Practices and Reflections on Enterprise Cloud Platforms

In this talk the speaker, an experienced cloud platform architect, shares practical experiences and reflections on building enterprise‑grade cloud application platforms, focusing on resource management, application management, and overall system design.

Resource Management and Application Management – Cloud‑based platforms are divided into two areas: (1) resource management technologies such as private clouds (OpenStack, CloudStack) and cluster management (Docker, Kubernetes, Mesos, etc.); (2) application construction and management, including deployment, monitoring, and elastic scaling.

The speaker reviews classic cluster technologies (Google’s GFS, MapReduce, BigTable, Borg, Mesos, Yarn, Kubernetes) and notes their evolution with container technologies.

Platform EGO – The Platform EGO system represents a 2.0 evolution of IBM Platform DCOS, originally designed in 2004‑2005 as a two‑layer scheduler (LSF + Symphony). It provides a resource manager, process execution manager, and various plugins for scheduling, deployment, events, and security.

EGO Architecture – The architecture follows a SOA model with core services (LIM, PEM, Master) and upper‑level services (initd, name service, cron, web API, portal, analytics). It supports C, Java, Python, and RESTful APIs. The Master is plugin‑based, loading resource, security, scheduling, provisioning, event, and execution plugins.

EGO Components

LIM (Load Information Manager) collects system metrics in a master‑slave fashion and abstracts resources as name‑type‑value triples, similar to the DMTF CIM model.
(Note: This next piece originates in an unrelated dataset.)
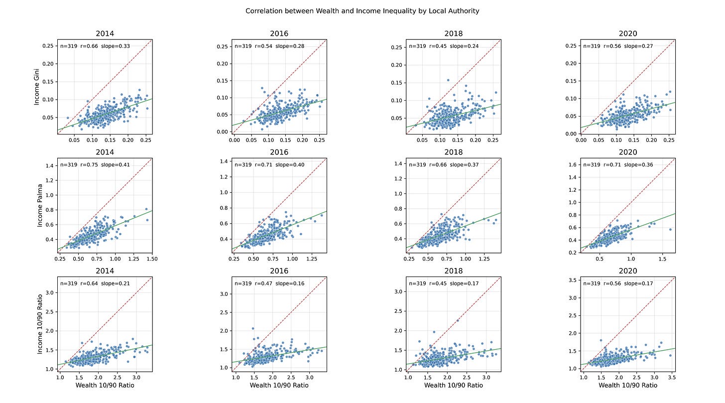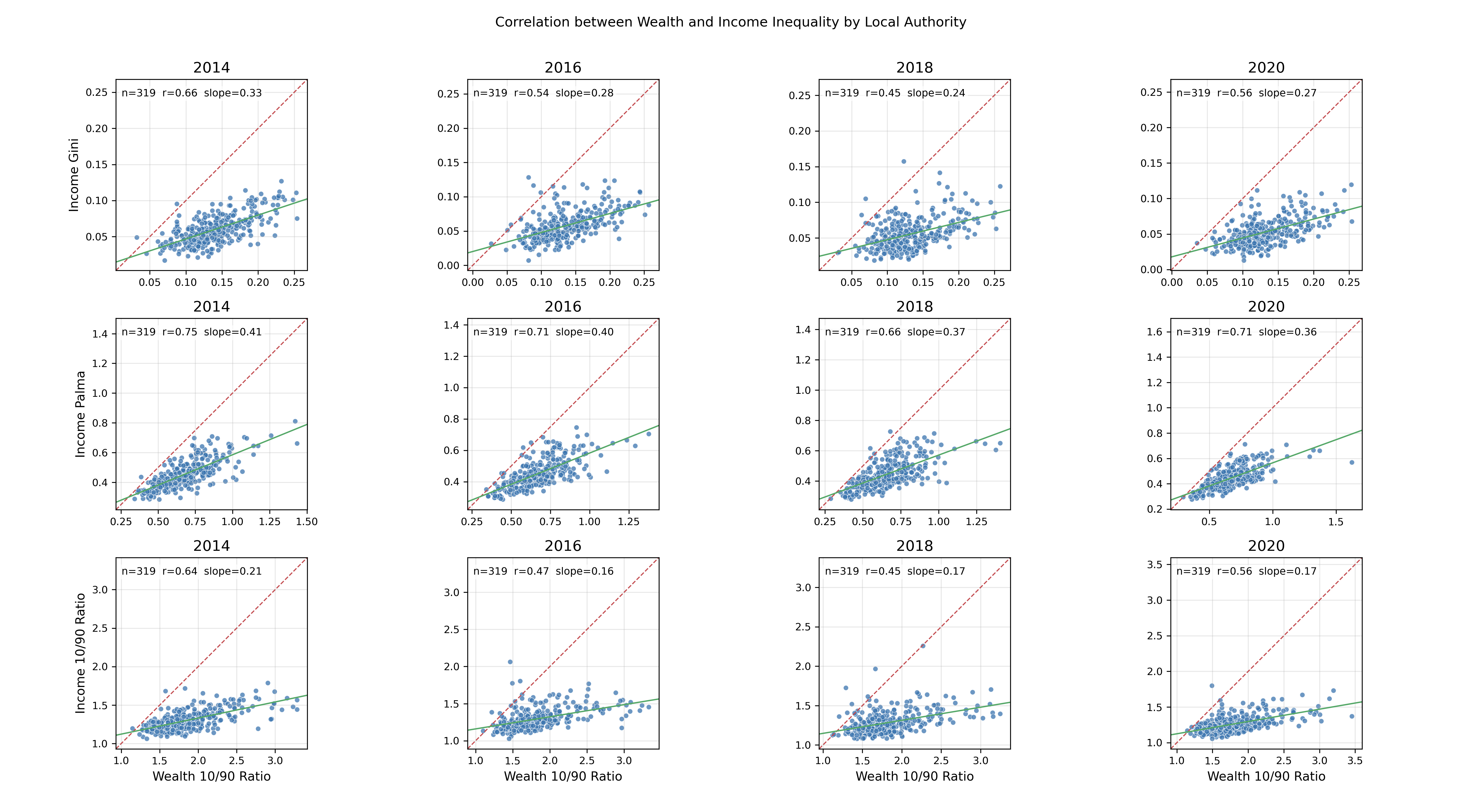 How do these measures compare over time? Across 2014-2020, local wealth and income inequality are positively correlated, but wealth measures consistently run higher and diverge more strongly over time, showing that where you live often looks more unequal in assets than in income.

PEM (Process Execution Manager) executes tasks on allocated slots (CPU, memory, etc.) and abstracts work units as Containers/Activities.

Scheduling plugins allow custom policies; the author designed a DSL for administrators to write Python‑based scheduling strategies.
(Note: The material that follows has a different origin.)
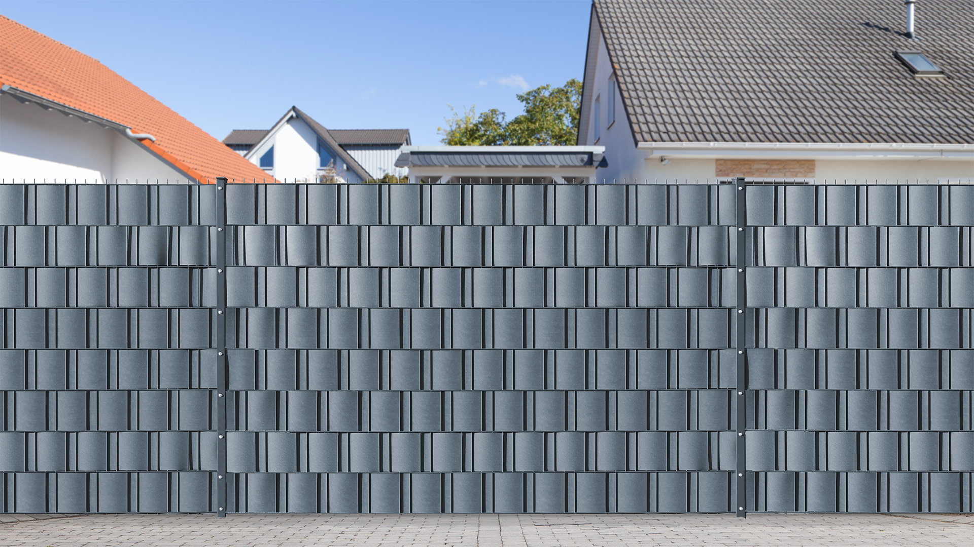 Der Sichtschutz Bastline ist vielseitig einsetzbar und wird in Doppelstabgittermatten eingeflochten. Die Fixierung erfolgt - abhängig vom gewählten Pfosten - mit Klemmschienen. Darüber hinaus kann er auch als Sichtschutz für Torflügel aus der Serie VARIO pro verwendet werden.Bastline setzt auf die Materialeigenschaft von Polyvinylchlorid (PVC). Es wird in 2,56 m langen Bahnen mit einer Höhe von 190 mm geliefert und passt somit perfekt zu fast allen Stahlgitterzäunen mit einer Maschenhöhe von ca. 200 mm. Aufgrund seiner Flexibilität und Witterungsbeständigkeit ist das Produkt schnell zu verarbeiten und langlebig. Die Materialoberfläche verfügt über formschöne Flechtungen, die für eine hochwertige Haptik und Optik sorgen. Die Flechtung hat zudem den Vorteil der Winddurchlässigkeit, so dass nicht so hohe Windlasten wie bei komplett geschlossenen Sichtschutzmaterialien entstehen.Hinweis zur Windlast:Bei der Anbringung von BLICKDICHT Deko empfehlen wir auf die örtlichen Gegebenheiten bezüglich des Windaufkommens zu achten und für die passende Statik des Zauns Sorge zu tragen.Bitte kontaktieren Sie hierzu sowie bei allen anderen Fragen und Motivwünschen gerne unsere Verkäufer. Diese beraten Sie kompetent und unverbindlich in allen Fragen rund um Ihre neue Zaunanlage, denn bei uns macht Zaunkauf Spaß!

EGO Scheduling Strategy – The strategy considers application topology, resource load, network bandwidth, runtime characteristics, and supports resource fragmentation, migration, and multi‑tenant isolation.

Comparison with Mesos, Yarn, Kubernetes – Enterprise platforms need strong management capabilities (≈70% management, 30% core functionality). EGO introduces concepts such as users, consumers, and sessions, adopts the CIM model for resource abstraction, and supports priority, pre‑allocation, real‑time allocation, and pre‑emptive scheduling.

Application Management – The SkyForm product automates resource provisioning, software deployment, and configuration for OpenStack, CloudStack, Tomcat, MySQL, Hadoop, and HPC. It introduced a custom package format and a graphical application designer.

Feedback highlighted challenges in user adoption, need for topology visualization, performance monitoring, and auto‑scaling based on metrics. The system integrates monitoring (Zabbix, New Relic) and exposes APIs for custom collectors.

Architecture Evolution – Inspired by AWS, the architecture evolved to separate deployment, CloudWatch‑like monitoring, and Auto‑Scaling services, supporting containers, VMs, and legacy applications, and embracing micro‑service design.

Key lessons include studying AWS services (IAM, Auto‑Scaling), adopting service‑oriented and plugin‑based designs, and ensuring multi‑tenant support.

Q&A Highlights

Resource‑centric vs. application‑centric architectures differ in focus on supply vs. business logic.

HDFS is best run on physical machines for I/O performance.

EGO is used in finance and telecom sectors.

Legacy components can be wrapped with façade/adaptor patterns to expose service interfaces.

Fine‑grained resource management uses tags, groups, and a rule language for selection and ordering.

Real‑time monitoring is achieved via LIM collecting CPU, memory, and disk metrics, with optional integration to Zabbix or New Relic.

Auto‑Scaling does not require service downtime; multiple scaling groups maintain a minimum baseline.

High‑availability relies on load‑balancing and shared storage; distributed consensus (etcd/ZooKeeper) can be used for larger scales.

Scheduling algorithms often use heuristic approaches such as knapsack or linear programming to produce near‑optimal allocations quickly.

Fault tolerance is achieved through shared storage, restart‑able components, and application‑level consistency handling.

The session concluded with a reminder to prioritize construction, operation, maintenance, and optimization when designing enterprise cloud platforms.